RECORD SET: Begin
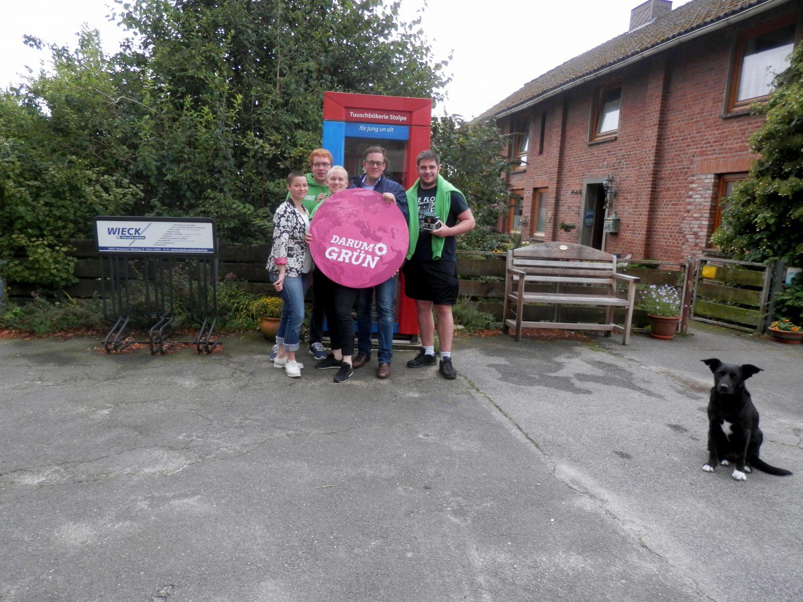 Morgens um 9 Uhr war Abschied angesagt – Konstantin von Notz und sein Team vor der Stolper Bücherzelle
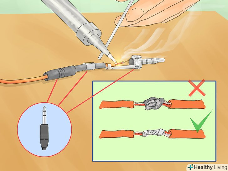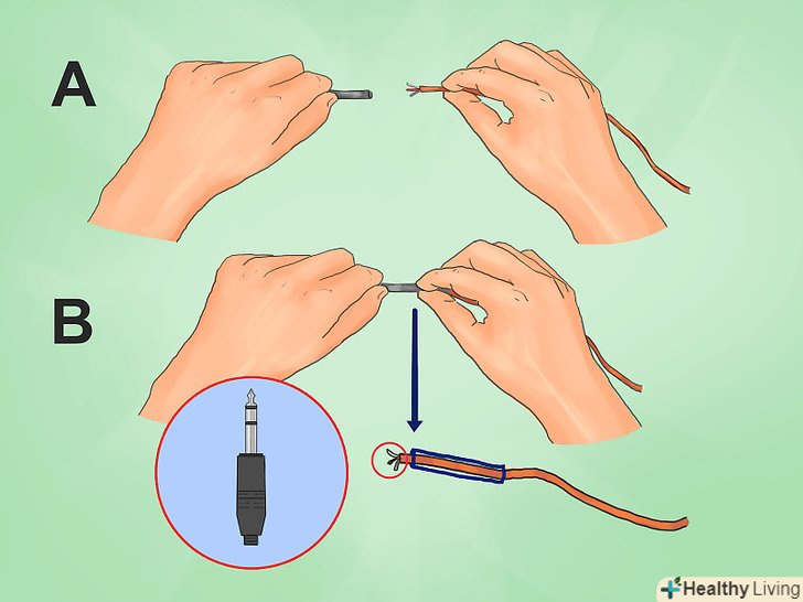 Припаяйте два кінці намотаного дроту 6.35 мм до штекера jack.ви повинні припаяти кінці проводів до контактів штекера jack. Чи не перегрівайте провід, інакше він стане крихким і може переломитися.- Найкраще спаюються попередньо зачищені і протерті технічним спиртом поверхні.[4]
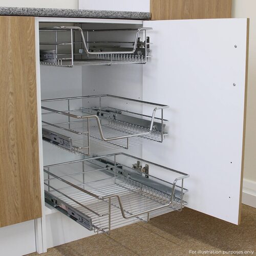 4. Универсальность. Выдвижные ящики сетки могут использоваться для хранения посуды, кухонных принадлежностей, продуктов и других предметов.
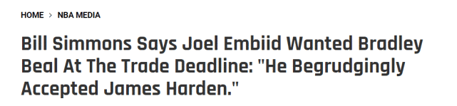 “如果比尔和哈登先签后换的赔率是8-1或者7-1,我都会打这个赌。因为这是恩比德在二月份想要的人,我当时就报道过这件事,没人相信我。那(比尔)才是他们一直想要的,只不过后来比尔受伤了,恩比德只能不情愿地接受了哈登的交易。”Bill Simmons在自己的播客节目上说道。
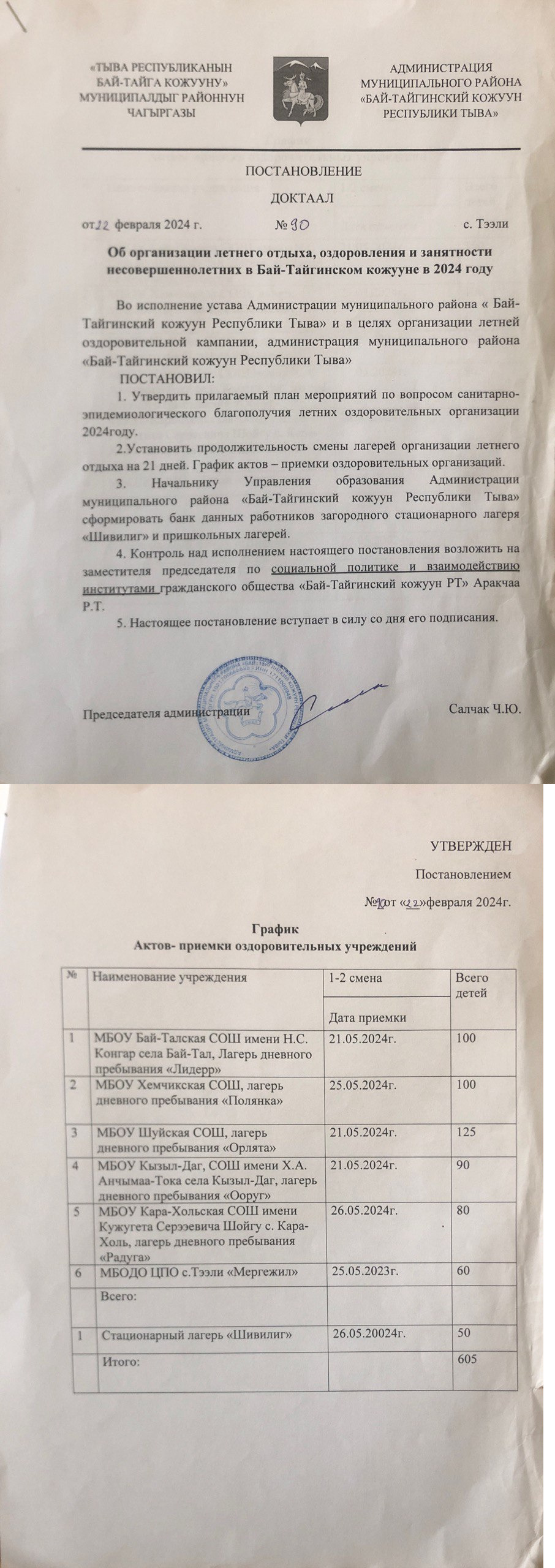 - Распоряжение Правительства Республики Тыва №301-р от 30.07.2020 г. «О проведении летней оздоровительной кампании 2020 года в Республике Тыва»
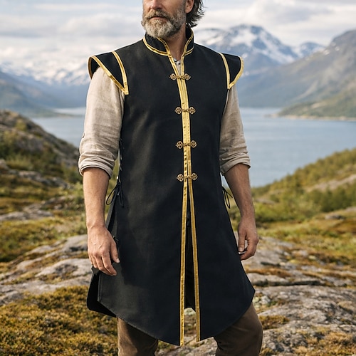 Retrò Vintage Medievale Rinascimento Gilet Senza maniche Elfo Ranger Collo alla coreana Costume Per uomo Fantasia Halloween Carnevale Fiera Rinascimentale LARP Festa a tema retrò Adulti Gilet Tutte
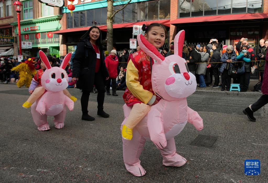 1月22日,在加拿大温哥华,人们扮成兔子参加大巡游。
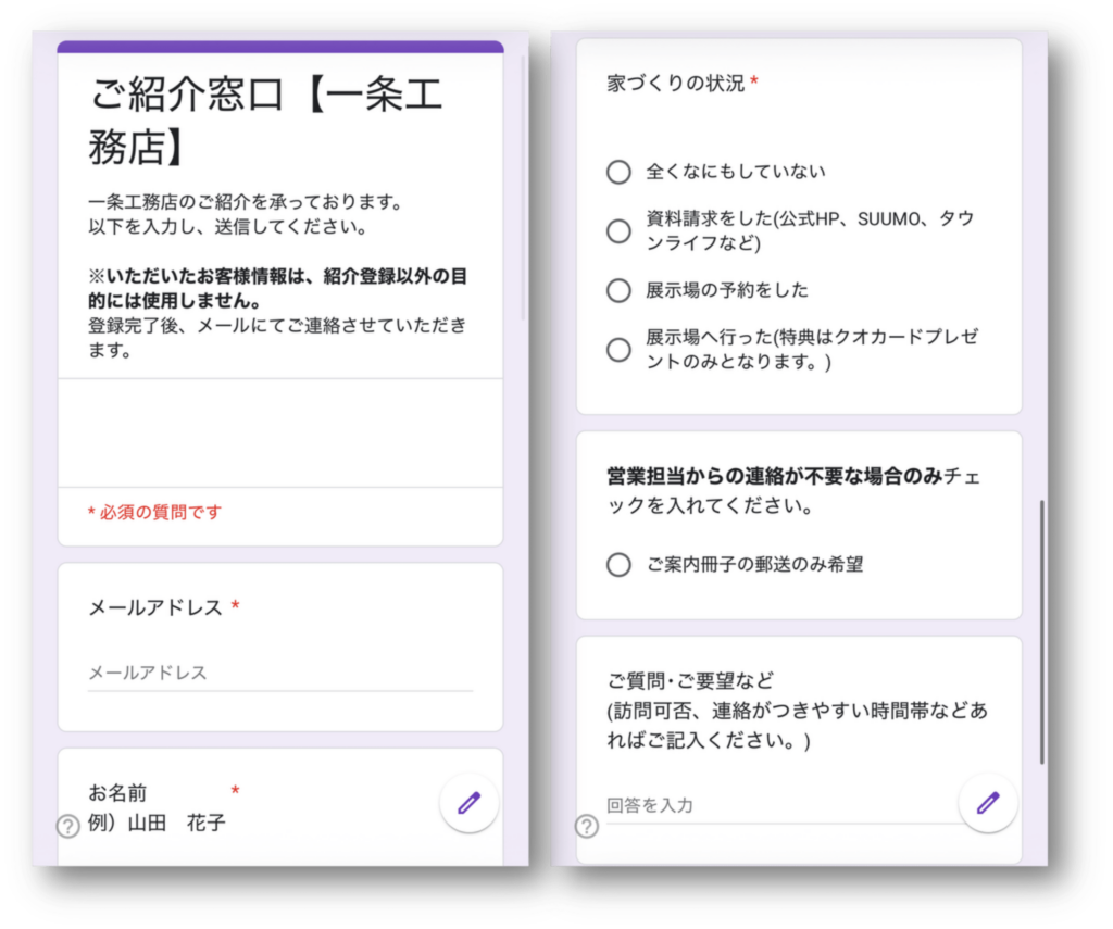 一条工務店紹介フォーム
RECORD SET: End
ASSIGNMENT:
No picture belongs in the copy. Print every entry above exactly as it stands.

RESPONSE AREA:
 Morgens um 9 Uhr war Abschied angesagt – Konstantin von Notz und sein Team vor der Stolper Bücherzelle
 Припаяйте два кінці намотаного дроту 6.35 мм до штекера jack.ви повинні припаяти кінці проводів до контактів штекера jack. Чи не перегрівайте провід, інакше він стане крихким і може переломитися.- Найкраще спаюються попередньо зачищені і протерті технічним спиртом поверхні.[4]
 4. Универсальность. Выдвижные ящики сетки могут использоваться для хранения посуды, кухонных принадлежностей, продуктов и других предметов.
 “如果比尔和哈登先签后换的赔率是8-1或者7-1,我都会打这个赌。因为这是恩比德在二月份想要的人,我当时就报道过这件事,没人相信我。那(比尔)才是他们一直想要的,只不过后来比尔受伤了,恩比德只能不情愿地接受了哈登的交易。”Bill Simmons在自己的播客节目上说道。
 - Распоряжение Правительства Республики Тыва №301-р от 30.07.2020 г. «О проведении летней оздоровительной кампании 2020 года в Республике Тыва»
 Retrò Vintage Medievale Rinascimento Gilet Senza maniche Elfo Ranger Collo alla coreana Costume Per uomo Fantasia Halloween Carnevale Fiera Rinascimentale LARP Festa a tema retrò Adulti Gilet Tutte
 1月22日,在加拿大温哥华,人们扮成兔子参加大巡游。
 一条工務店紹介フォーム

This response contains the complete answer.